F_AarhusConventionSecretary of State for Communities and Local Government v. Venn, Court of Appeal, 27 November 2014  - read judgment  

Back to Aarhus and the constant problem we have in the UK making sure that the cost of planning and environmental litigation is not prohibitively expensive.

Article 9 of the Aarhus Convention (to which the EU has subscribed) says that members of the public should be able to challenge environmental decisions, and the procedures for doing so shall be adequate and effective and “not prohibitively expensive”. If this means nothing to you, you might want to limber up with my bluffers guide to Aarhus - here -not least on how to pronounce it and how it fits into domestic law.

Ms Venn wanted to stop the owner of land next door to her London property “garden-grabbing”, namely building another dwelling in his garden.
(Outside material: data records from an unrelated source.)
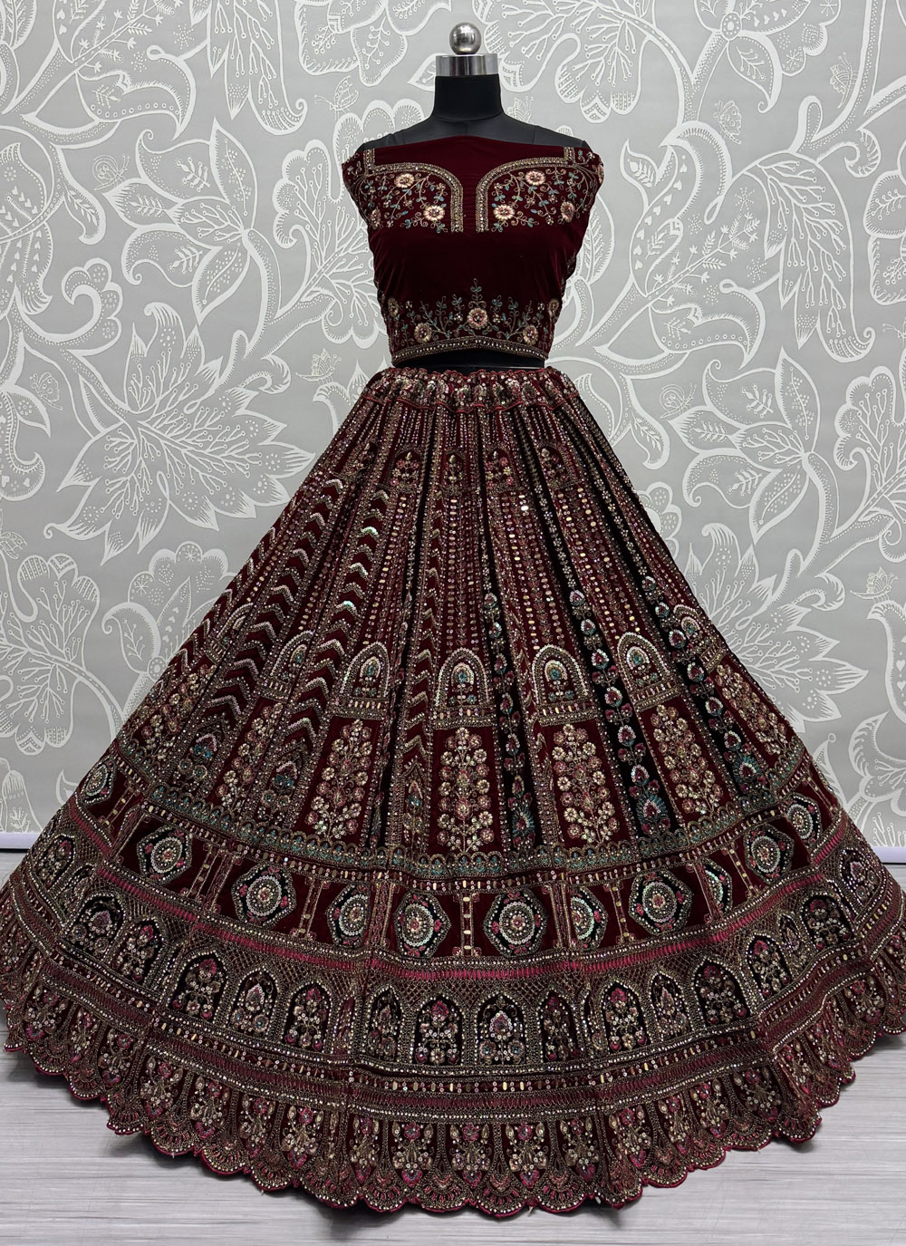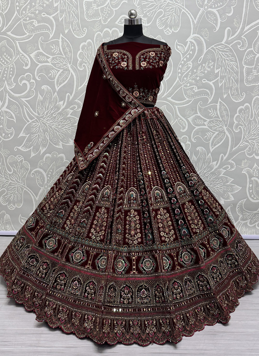 Make a breathtaking statement in this maroon velvet bridal lehenga choli embellished with multi-thread motifs, shimmering sequins, and fine diamond work. The combination of heritage artistry and contemporary allure transforms this ensemble into an unforgettable piece worthy of your most treasured moments. Comes with matching choli and dupatta.
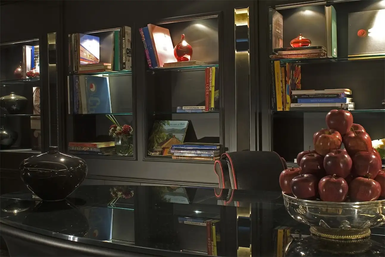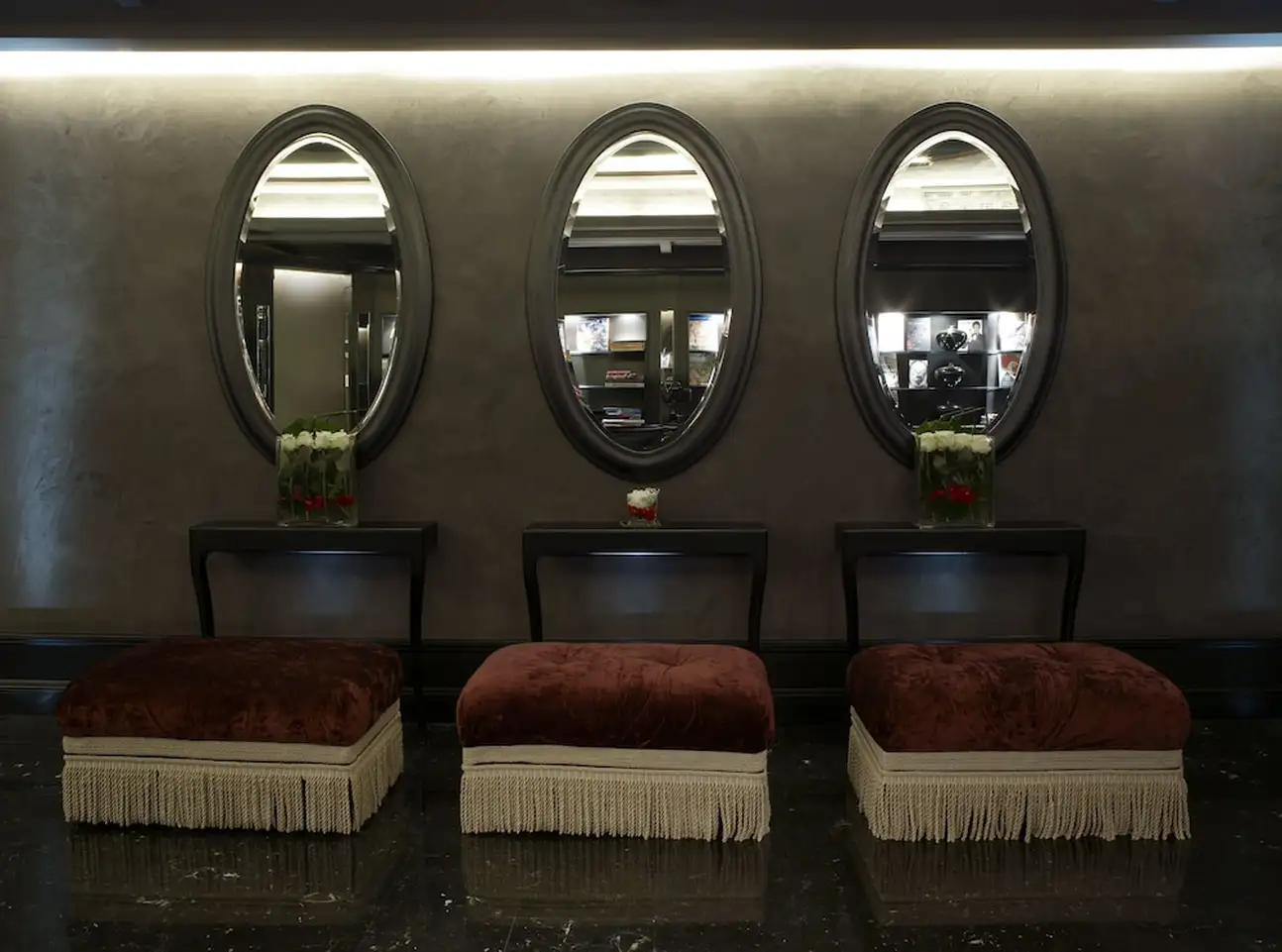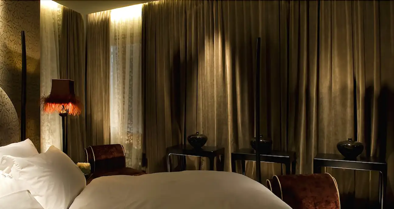 Immersion dans une ambiance qui allie charme de l’Art Déco à la coquetterie boudoir-chic. Vous avez l’impression qu’à chaque instant l’hôtel se transforme en décor de bal masqué. Partout vous trouvez cette ambiance boudoir aux lumières tamisées, velours et plumes. Le comptoir du bar, tout noir tout lisse est impressionnant. Sur le plafond et les murs : des miroirs qui multiplient cette ambiance intime. Plus coquet c’est interdit ! Envie de vous détendre ? Vous pouvez commander un massage en chambre.
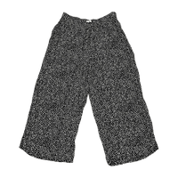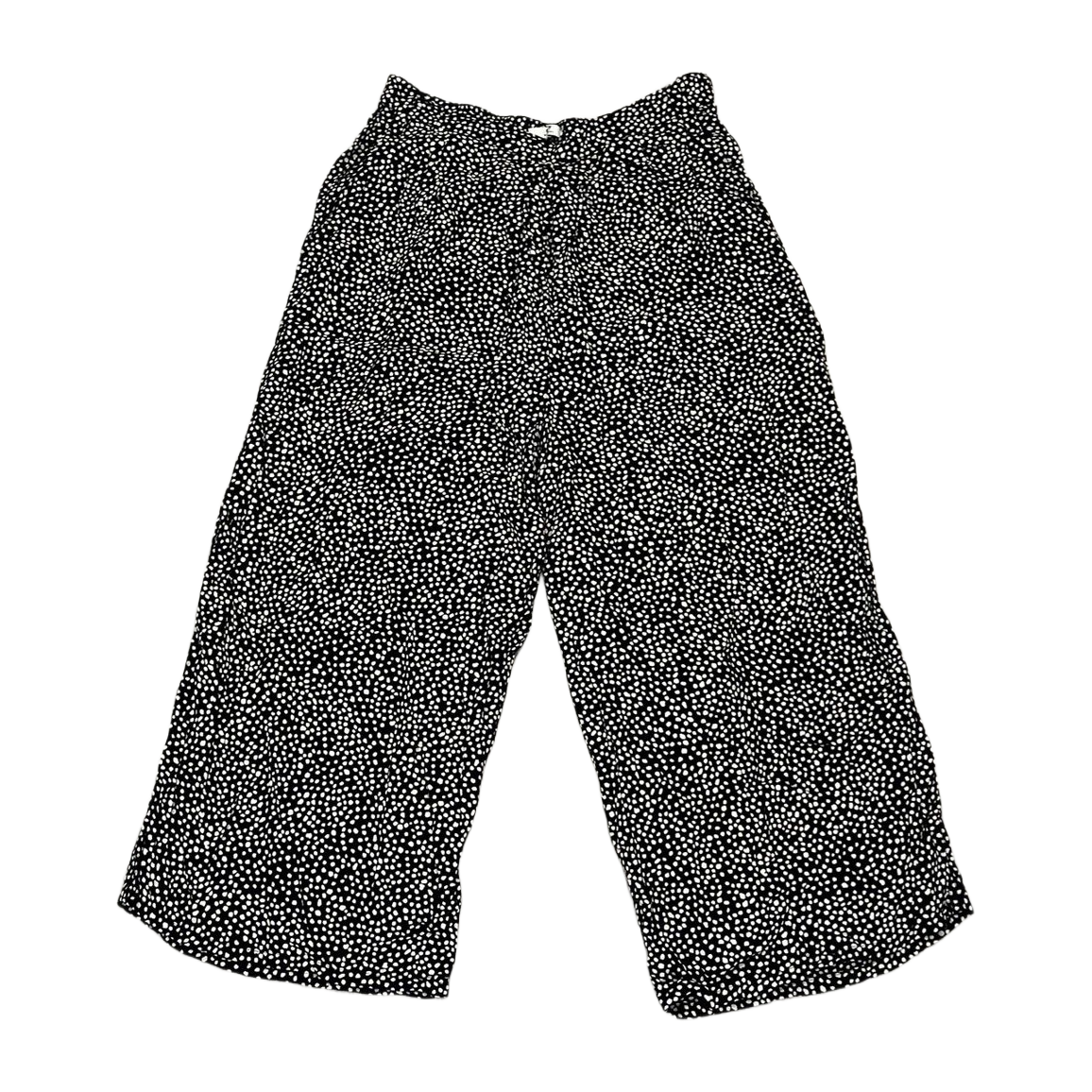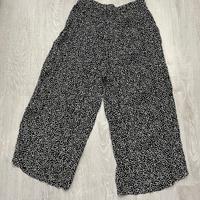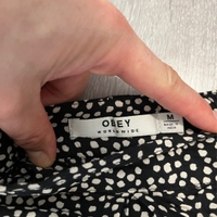 Obeyn mustat housut valkoisilla pilkuilla, koko M. Vyötärö noin 37cm ja pituus noin 87cm. Sivuilla taskut ja toisella sivulla vetskari. Koodi ML6961.
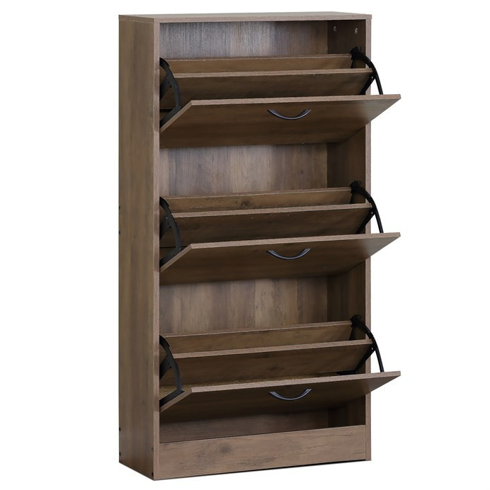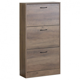 Botník s třemi přihrádkami v dekoru jilmového dřeva je vyroben z MDF desek s povrchovou úpravou, která napodobuje přirozenou strukturu dřeva. Každá přihrádka nabízí dostatek prostoru pro uskladnění obuvi a je opatřena černými kovovými úchytkami pro snadné otevírání. Kompaktní rozměry botníku umožňují jeho umístění i do menších prostor, přičemž pevná konstrukce zajišťuje stabilitu a dlouhou životnost. Praktické řešení v podobě tří samostatných přihrádek pomáhá udržet pořádek a přehlednost v domácnosti. Botník je vhodný do předsíní, chodeb či šaten, kde efektivně využije dostupné místo.

The local authority had refused permission, the landowner successfully appealed to a planning inspector, and on further review, Ms Venn said that the inspector had failed to have regard to emerging planning policy in determining the appeal against her.

Lang J gave Ms Venn a protective costs order (PCO), limiting her costs exposure to £3,500 if she lost. The CA reversed this. As ever, the devil is in the detail. Had her appeal been by way of judicial review, she would have got an order in her favour. So why didn’t she?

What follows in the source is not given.